昨日朝堂上吵得不可开交,孟璟弋便已猜到今日会有成堆的弹劾奏本递到景帝这里。

    他翻看奏本看了眼,无非就是些“罔顾人伦,不尊重读书人”的言论,但也有胆子大的,上书要废太子。

    “朕只有你和北尘两个儿子,再这么闹腾下去,朕真怕那些文武百官要让朕再添皇嗣。”

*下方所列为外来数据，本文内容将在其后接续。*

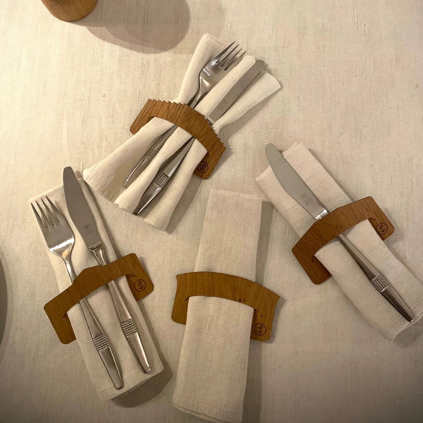 Deceptively simple in their shape, the twelve napkin holders comprising this set celebrate the iconic profiles of Venetian bridges, bring back the suggestion of admiring them from a steamboat sailing through the Canal Grande. Each piece is handcrafted from flexible wood recycled from pile moorings from the Venice Lagoon, allowing to host napkins in a genuine “piece of Venice”. A set of four coordinated placemats is also available upon request.

    景帝这句虽说得玩笑,可脸上疲倦之色已再也挡不住。

    他转身到书案前坐下,手指着面前一摞摞奏折,叹息道,“这里也是弹劾你的。”

    孟璟弋合上走呗,抬眸看向景帝,眼神坚定,“父皇也觉得我做错了吗?”

    景帝对上那眼眸一瞬,迅速撇转目光看向别处。

    像,太像了。

    他仿佛看见年轻时的自己,那时他还只是先帝的二皇子,心怀凌云,气吞山河。

    可现在,他不敢再看那双眼睛,不仅因为不甘面对曾经的自己,更多的是,无脸面对孟璟弋的母妃——月氏念雪。

    “这事没有对错,你若相信自己内心是对的,便放手去做吧。”

    说出这句话,景帝似乎用尽全力。

    如今外戚干政,朝中早已不是听命景帝一人,聂相一派早已是只手遮天,若是不解决此事,那些吸食财政的贪官污吏会像菟丝子一样,吸尽景国最后一丝龙气。

    可能是在孟璟弋身上瞧见一丝月氏念雪的神韵,景帝最终还是放手让他去做了。

    见父皇答应,孟璟弋没在多说什么,躬身退出大殿。

    离开时,他回头再看了眼景帝。

    两鬓已隐约瞧见银丝,神态也年迈了不少。

    回到竹院,众人已等待多时。

    余瑶从竹椅上起来,将一虎符拍在桌上。

    “礼部既然不愿去做这件事,就交给龙吟军去传达消息到全国。”

    瞧见兵符,孟北尘眨眼凑上前,“这可是景国最强的兵力,你是怎么从护国侯手里拿到的?”

    “偷的。”

    余瑶说得一点不假,只是偷的异常顺利。

    今早她正要出门,路过正堂,便瞧见这虎符放在木桌上。左看右看没瞧见父亲,余瑶偷摸揣进了兜里。

    “私自调兵可是死罪。”孟北尘撑脸提醒道。

    “谁说我要调兵了,本姑娘娇生惯养,命家里的侍卫去各地收集点玩物丧志的玩意儿怎么了?”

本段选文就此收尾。